One of the things that makes this movie such a great rush is that while you're watching it, it seems a good deal more subversive than it really is. As Ian McKellen's Magneto points out late into the film, in one of the only bits of dialogue that could conceivably be called subtle, he and Professor Xavier (Patrick Stewart) aren't really so far apart in their aims — where they differ is in their methods. Xavier's methods favor peaceful coexistence, Magneto's favor dispensing with the opponent completely. Both men represent the mutant community, the subject of much suspicion and outright hatred from . . . that's right, the human community. Hence, X2 features many scenes in which the mutants must battle the authority representatives of humankind, that is, the police and the Army.
And indeed, as maladjusted young mutant Pyro (Tadpole's Aaron Stanford) tosses fireballs at a thick blue line, one couldn't blame a random viewer for humming along with an old N.W.A. jam playing in the back of his or her head. It's an exhilarating spectacle, seeing these smug, loudmouthed enemies of civil liberties getting a little of their own. But it's all an illusion. Once the battle's over, director Bryan Singer is very careful to let us know that the worst any of the cops has suffered in this standoff is a singed eyebrow.

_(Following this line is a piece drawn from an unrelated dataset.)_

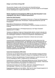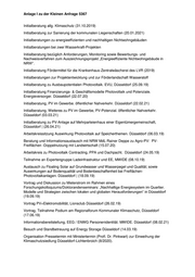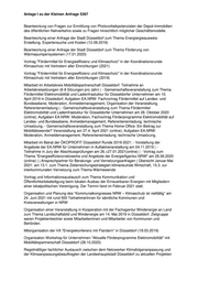 Anlage I zu der Kleinen Anfrage 5367 Initialberatung allg. Klimaschutz (31.10.2019) Initialberatung zur Sanierung der kommunalen Liegenschaften (20.01.2021) Initialberatungen zu energieeffizienten und nachhaltigen Nichtwohngebäuden Initialberatungen bei zwei Wasserkraft-Projekten Initialberatung bezüglich Anforderungen, Monitoring sowie Bewerbungs- und Nachweisverfahren zum Auszeichnungsprojekt „Energieeffiziente Nichtwohngebäude in NRW“. Initialberatung Fördermittel für die Krankenhaus-Zentralwäscherei des LVR (2019) Initialberatungen zur Projektentwicklung und zur Förderlandschaft Wasserstoff Initialberatung zu Ausbaupotentialen Photovoltaik. EVU, Düsseldorf (25.09.19) Initialberatung Finanzierungs- & Geschäftsmodelle Photovoltaik und Potenziale. Energieversorger. Düsseldorf (22.07.20) Initialberatung, PV im Gewerbe. öffentlicher Nahverkehr. Düsseldorf (22.02.21) Initialberatung, Weiteres zu PV im Gewerbe, PV-Potenzial. öffentlicher Nahverkehr. Düsseldorf (03.03.21) Initialberatung zu PV-Anlage auf Mehrparteienhaus einer Eigentümergemeinschaft, Düsseldorf | (26.04.21) Arbeitskreissitzung Auswirkung Photovoltaik auf Speicherthemen. Düsseldorf (06.03.19) Beratung und Informationsaustausch mit NRW MdL Rainer Deppe zu Agro-PV: PV- Freiflächen -Doppelnutzung mit Landwirtschaft (15.07.20) Arbeitskreis zu Photovoltaik Contracting, PPA und Dachpacht. Düsseldorf (24.05.19) Teilnahme an Expertengruppe Ladeinfrastruktur und EE, MWIDE (08.10.19) Austausch zu Floating Solar auf Grundwasser und Wasserpegel und Qualität; sowie Auswirkungen auf Bodenqualität und Bodenbeschaffenheit bei Freiflächen- Photovoltaikanlagen. Düsseldorf | (18.09.19) Vortrag und Diskussion zu Mieterstrom im Rahmen eines Forschungskolloquiums/Doktorandenseminars: „Nachhaltige Energiesystem im Quartier. Modelle und Strategien zwischen lokalen und globalen Herausforderungen“ in Düsseldorf (19.09.19) Vortrag PV+Elektromobilität, Lionsclub Düsseldorf (26.02.19) Vortrag, Teilnahme Podium am Regionalforum Kommunaler Klimaschutz, Düsseldorf (17.06.19) Informationsbereitstellung, EEG / ENWG Personenidentität. MWIDE. Düsseldorf (08.02.21) Besuch und Standbetreuung auf Energy Storage Düsseldorf (14.03.19) Organisation Pressetermin mit Ministertermin (Profl. Dr. Pinkwart) zur Einweihung der Klimaschutzsiedlung Düsseldorf-Lichtenbroich (8/2020).

Singer's a remarkably canny filmmaker, and the picture he and his team deliver here grabs the first X-Men's crown — it's by far the best movie adaptation of a comic book, ever. To complain that it's an unsubtle allegory is to miss the point — Singer, like the Marvel comics writers and artists he's adapting, is a smart and splashy entertainer rather than a master of nuance. If you can accept that the terms it succeeds on are, aside from being entirely their own, entirely valid as well, you can recognize this as one of the outstanding pictures of the year.